***** Available data

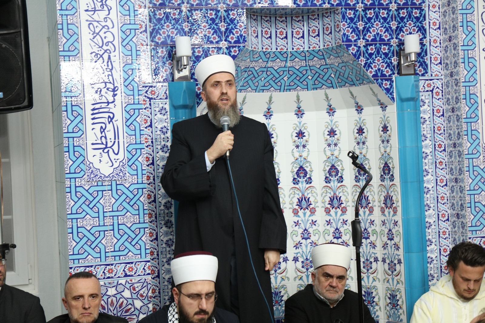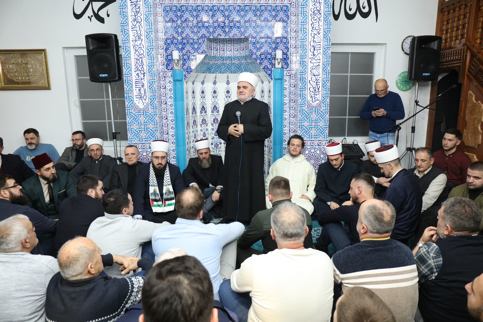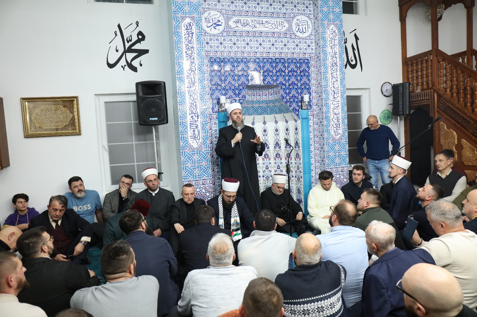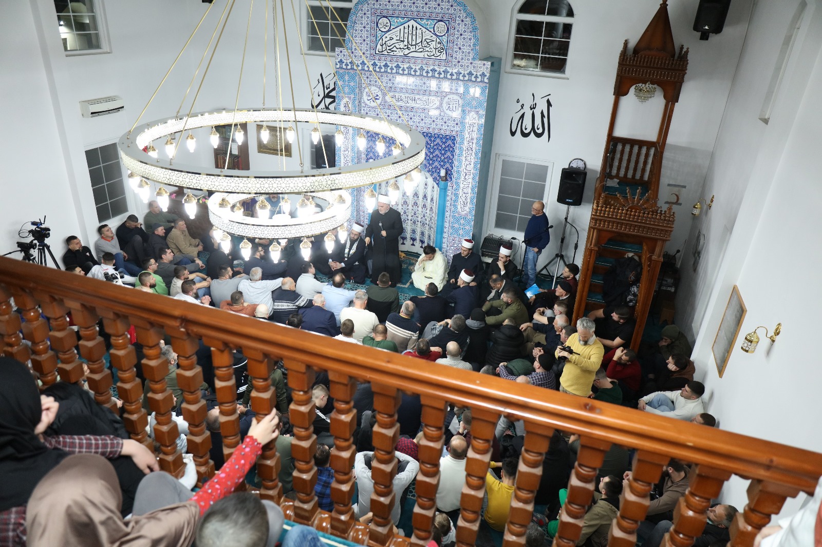 HomeMuftijstvaMuftijstvo sandžačkoBrodarevoOdržana Večer Kur'ana u Brodarevu 30. Decembra 2024. Brodarevo, Aktuelnosti, Mešihat, Muftijstva, Muftijstvo sandžačko, Predsjednik Mešihata, Informativna služba 1900 Nedjelja 29.12.2024. godine, nakon jacije namaza, bila je posebna noć u brodarevskoj Malkan Čuaš džamiji, kada je upriličena Večer Kur’ana i ilahija. Džamijski prostor bio je pretijesan da primi sve vjernike i vjernice koji su došli svoje duše napojiti Allahovim govorom. Na samom početku, predsjednik Medžlisa IZ-e Brodarevo Sanel ef. Bjelak poželio je dobrodošlicu prisutnima, uz riječi da je ponosan i radostan što se na ovako veličanstven način okončava kalendarska godina. Svojim milozvučnim glasovima večer su kur'anskim ajetima i ilahijama oplemenili poznati karije naših prostora: hfz. Egzon Ibrahimi sa Kosova, Ibrahim Bilčević iz Bosne i Hercegovine, te kurra hfz. Sabahudin ef. Jerebičanin, Ammar ef. Nuhambašić i Ensar ef. Latifović iz Sandžaka. Prisutnima se obratio muftija novosadski hfz. Nedžad ef. Hasanović istakavši da su srca onih koji su večeras u Malkan Čauš džamiji na sigurnom. „Dok se drugi opijaju na nekoj drugoj strani, mi večeras Gospodara veličamo Njegovim govorim. Ima li šta ljepše? Srca se napajaju Kur’anom, a srca naše djece koja večeras slušaju učenje naših karija, na sigurnom su. Omladino, uzmite pouku od naših karija kako lijepo uče Kur’an. Roditelji, dovite Allahu da i vaša djeca sutra ovako lijepo uče Kur’an. Roditeljska dova čini čuda, pa molim Allaha da iz ovog džemata niknu hafizi Kur’ana“, istakao je muftija Hasanović. Predsjednik Mešihata IZ-e u Srbiji muftija dr. Mevlud ef. Dudić obratio se prisutnima. Ne postoji bolji poklon ljudskim srcima i napitak ljudskim dušama od Allahovog govora, istakao je muftija Dudić. „Večeras smo ovdje jer čvrsto vjerujemo da je Kur’an Allahov govor, te da je objavljen posljednjem Allahovom poslaniku Muhammedu s.a.v.s. Ovdje smo jer je Kur’an Allahovo uže, jer je uputa za sve ljude. Ovdje smo večeras jer je Kur’an lijek za duše, podsjetnik, rastavljač istine od neistine. Na ovim prostorima Kur’an je to uvijek bio – nekad jače, nekad slabije, ali zahvalni smo našim precima koji nisu dozvolili da se žeravica Kur’ana ugasi, te se i njih večeras sjećamo dovom jer nisu dozvolili da Allahovog govora nestane, pa su ovo danas tragovi i njihovog života. Večeras napajamo naše duše. One čeznu za Kur’anom. Ničim našu dijasporu niste mogli peškešiti bolje od ovog napitka – kur’anskog napitka. Dva je mjeseca do Ramazana, pa se večeras na ovaj način pripremamo za njega. Kako je Kur’an rastavljač istine od neistine, budimo na pravom, a nikako na krivom putu. Neka u našim srcima stanuje istina. Oni koji žive sa Kur’anom berićet su za okolinu, za porodicu, za komšije. Onaj u čijem je srcu Kur’an u njemu je ljubav, u njemu je selam. Ova zajednica danas ima svoje karije, hafize i kurra hafize, svoj obrazovni sistem. Zato je i napadnuta 2007. godine, ali neka znate – bolja je i podjela nego truhlo jedinstvo. Nikada niko neće sa strane uređivati Islamsku zajednicu. Dalje ruke od nje svi koji bi da se miješaju u njen rad i uređenje. Nismo mi slabašni. Čuvat ćemo čast ahmedije i džube. Radit ćemo za dobro svog naroda i svih sa kojima živimo“, kazao je predsjednik Mešihata.
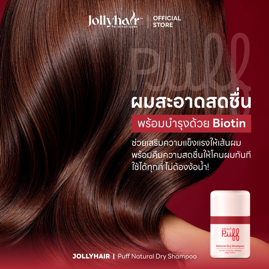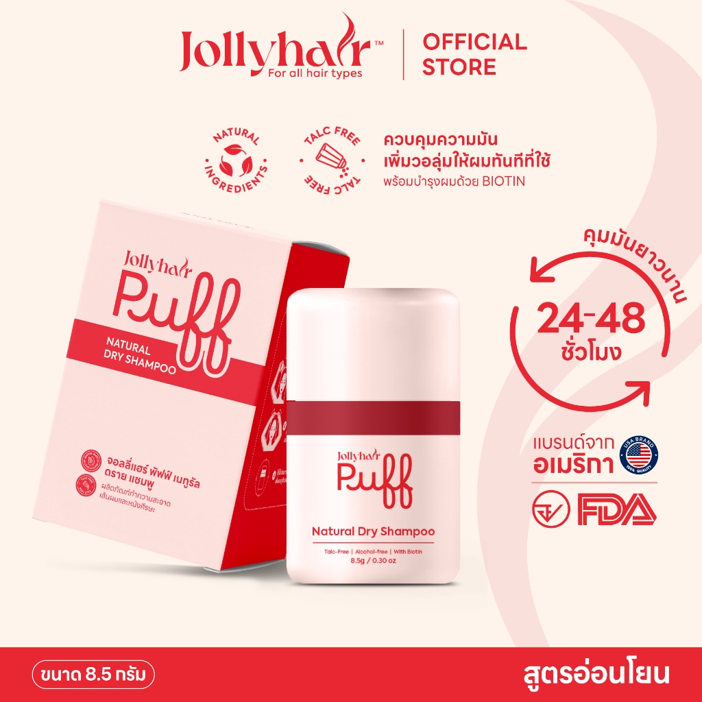Jollyhair พัฟดรายแชมพู Biotin ลดผมมันทันที ยกโคนผมพองสวย ไม่ทิ้งคราบขาว 8.5g
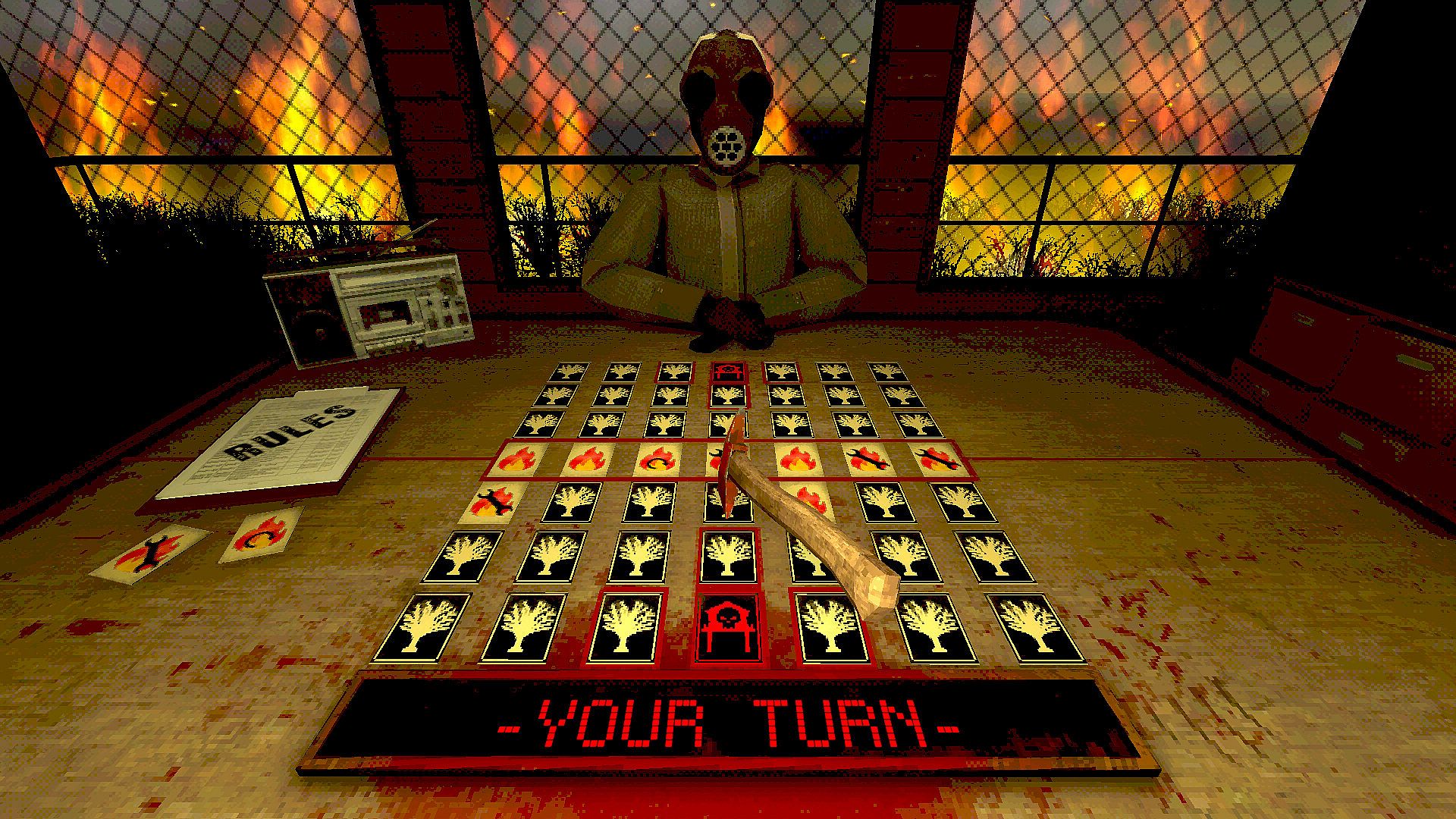 A [HOST] challenges you to a deadly game of chance where a forest fire spreads with each flip of a card.

**********

● **Task brief**
Drop the pictures and reproduce the rest of the data above exactly.

● **Task response**
 HomeMuftijstvaMuftijstvo sandžačkoBrodarevoOdržana Večer Kur'ana u Brodarevu 30. Decembra 2024. Brodarevo, Aktuelnosti, Mešihat, Muftijstva, Muftijstvo sandžačko, Predsjednik Mešihata, Informativna služba 1900 Nedjelja 29.12.2024. godine, nakon jacije namaza, bila je posebna noć u brodarevskoj Malkan Čuaš džamiji, kada je upriličena Večer Kur’ana i ilahija. Džamijski prostor bio je pretijesan da primi sve vjernike i vjernice koji su došli svoje duše napojiti Allahovim govorom. Na samom početku, predsjednik Medžlisa IZ-e Brodarevo Sanel ef. Bjelak poželio je dobrodošlicu prisutnima, uz riječi da je ponosan i radostan što se na ovako veličanstven način okončava kalendarska godina. Svojim milozvučnim glasovima večer su kur'anskim ajetima i ilahijama oplemenili poznati karije naših prostora: hfz. Egzon Ibrahimi sa Kosova, Ibrahim Bilčević iz Bosne i Hercegovine, te kurra hfz. Sabahudin ef. Jerebičanin, Ammar ef. Nuhambašić i Ensar ef. Latifović iz Sandžaka. Prisutnima se obratio muftija novosadski hfz. Nedžad ef. Hasanović istakavši da su srca onih koji su večeras u Malkan Čauš džamiji na sigurnom. „Dok se drugi opijaju na nekoj drugoj strani, mi večeras Gospodara veličamo Njegovim govorim. Ima li šta ljepše? Srca se napajaju Kur’anom, a srca naše djece koja večeras slušaju učenje naših karija, na sigurnom su. Omladino, uzmite pouku od naših karija kako lijepo uče Kur’an. Roditelji, dovite Allahu da i vaša djeca sutra ovako lijepo uče Kur’an. Roditeljska dova čini čuda, pa molim Allaha da iz ovog džemata niknu hafizi Kur’ana“, istakao je muftija Hasanović. Predsjednik Mešihata IZ-e u Srbiji muftija dr. Mevlud ef. Dudić obratio se prisutnima. Ne postoji bolji poklon ljudskim srcima i napitak ljudskim dušama od Allahovog govora, istakao je muftija Dudić. „Večeras smo ovdje jer čvrsto vjerujemo da je Kur’an Allahov govor, te da je objavljen posljednjem Allahovom poslaniku Muhammedu s.a.v.s. Ovdje smo jer je Kur’an Allahovo uže, jer je uputa za sve ljude. Ovdje smo večeras jer je Kur’an lijek za duše, podsjetnik, rastavljač istine od neistine. Na ovim prostorima Kur’an je to uvijek bio – nekad jače, nekad slabije, ali zahvalni smo našim precima koji nisu dozvolili da se žeravica Kur’ana ugasi, te se i njih večeras sjećamo dovom jer nisu dozvolili da Allahovog govora nestane, pa su ovo danas tragovi i njihovog života. Večeras napajamo naše duše. One čeznu za Kur’anom. Ničim našu dijasporu niste mogli peškešiti bolje od ovog napitka – kur’anskog napitka. Dva je mjeseca do Ramazana, pa se večeras na ovaj način pripremamo za njega. Kako je Kur’an rastavljač istine od neistine, budimo na pravom, a nikako na krivom putu. Neka u našim srcima stanuje istina. Oni koji žive sa Kur’anom berićet su za okolinu, za porodicu, za komšije. Onaj u čijem je srcu Kur’an u njemu je ljubav, u njemu je selam. Ova zajednica danas ima svoje karije, hafize i kurra hafize, svoj obrazovni sistem. Zato je i napadnuta 2007. godine, ali neka znate – bolja je i podjela nego truhlo jedinstvo. Nikada niko neće sa strane uređivati Islamsku zajednicu. Dalje ruke od nje svi koji bi da se miješaju u njen rad i uređenje. Nismo mi slabašni. Čuvat ćemo čast ahmedije i džube. Radit ćemo za dobro svog naroda i svih sa kojima živimo“, kazao je predsjednik Mešihata.
Jollyhair พัฟดรายแชมพู Biotin ลดผมมันทันที ยกโคนผมพองสวย ไม่ทิ้งคราบขาว 8.5g
 A [HOST] challenges you to a deadly game of chance where a forest fire spreads with each flip of a card.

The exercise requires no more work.